The 2014 GP3 Series was the fifth season of GP3 Series, a third-tier motor racing feeder series for Formula One and sister series GP2. The series continued to use the Dallara GP3/13 car, AER V6 engines and Pirelli tyres.

The title was claimed by Red Bull Junior driver Alex Lynn; despite having fewer wins than Dean Stoneman, Lynn showed consistency to surpass him by 44 points.
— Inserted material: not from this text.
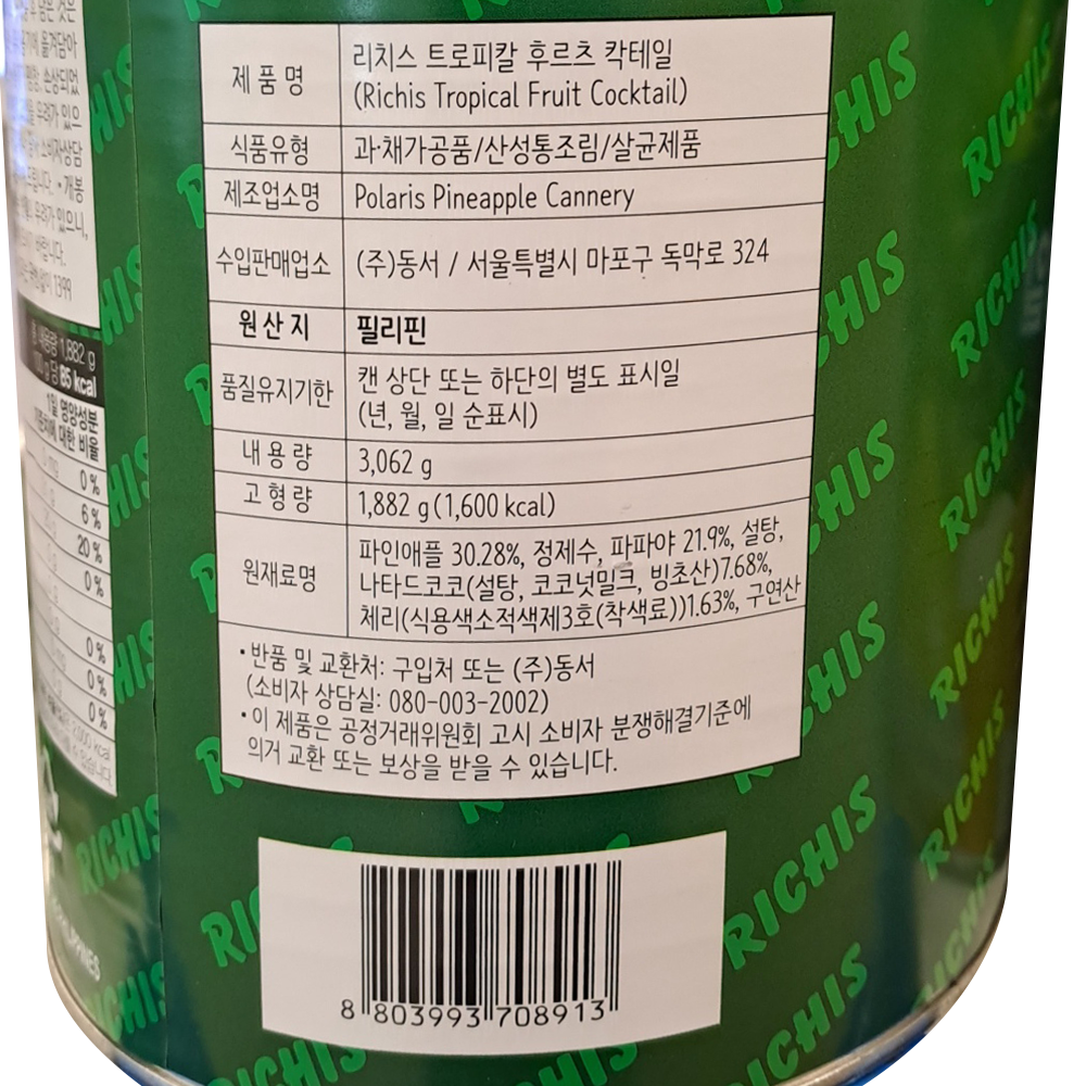 | 제품명 | 리치스 후르츠칵테일 3.062kg/동서 |

This was the only season in the GP3 Series in which a team other than ART Grand Prix secured the constructors' title, with Carlin winning the teams' championship by 17 points over ART.

==Teams and drivers==
The following teams competed in the 2014 season:

Team: No.; Driver name; Rounds
FRA ART Grand Prix: 1; CHE Alex Fontana; All
2: DEU Marvin Kirchhöfer; All
3: GBR Dino Zamparelli; All
GBR Arden International: 4; ROU Robert Vișoiu; All
5: CHE Patric Niederhauser; All
6: GBR Jann Mardenborough; All
FIN Koiranen GP: 7; ESP Carmen Jordá; 1–7
GBR Dean Stoneman: 8–9
8: SWE Jimmy Eriksson; All
9: URU Santiago Urrutia; All
GBR Carlin: 10; GBR Alex Lynn; All
11: GBR Emil Bernstorff; All
12: MAC Luís Sá Silva; All
GBR Marussia Manor Racing: 14; FIN Patrick Kujala; 1–7
15: GBR Ryan Cullen; 1–7
16: GBR Dean Stoneman; 1–7
DEU Hilmer Motorsport: 17; RUS Ivan Taranov; 1
RUS Nikolay Martsenko: 2, 8
DEU Sebastian Balthasar: 3–7
18: CAN Nelson Mason; All
19: NLD Beitske Visser; 1
ITA Riccardo Agostini: 2–9
CHE Jenzer Motorsport: 20; NOR Pål Varhaug; All
21: CHE Mathéo Tuscher; All
22: HKG Adderly Fong; 1–4
AUT Christopher Höher: 5
ITA Kevin Ceccon: 6–9
ITA Trident: 23; BRA Victor Carbone; 1–4
RUS Konstantin Tereshchenko: 6
ITA Luca Ghiotto: 7
CHN Kang Ling: 9
24: ZAF Roman de Beer; 1–5
SWE John Bryant-Meisner: 6–7
FIN Patrick Kujala: 8
GBR Ryan Cullen: 9
25: RUS Denis Nagulin; 1
AUS Mitchell Gilbert: 3–5, 7–8
ITA Luca Ghiotto: 6
FIN Patrick Kujala: 9
CAN Status Grand Prix: 26; GBR Nick Yelloly; All
27: NZL Richie Stanaway; All
28: MEX Alfonso Celis Jr.; All

===Team changes===
Bamboo Engineering left series after the last race of the 2013 season. Their place was due to be taken by GP2 Series champions Russian Time, but after Motopark Academy parted ways with the team following the death of team founder Igor Mazepa, their place was taken by GP2 Series team Hilmer Motorsport.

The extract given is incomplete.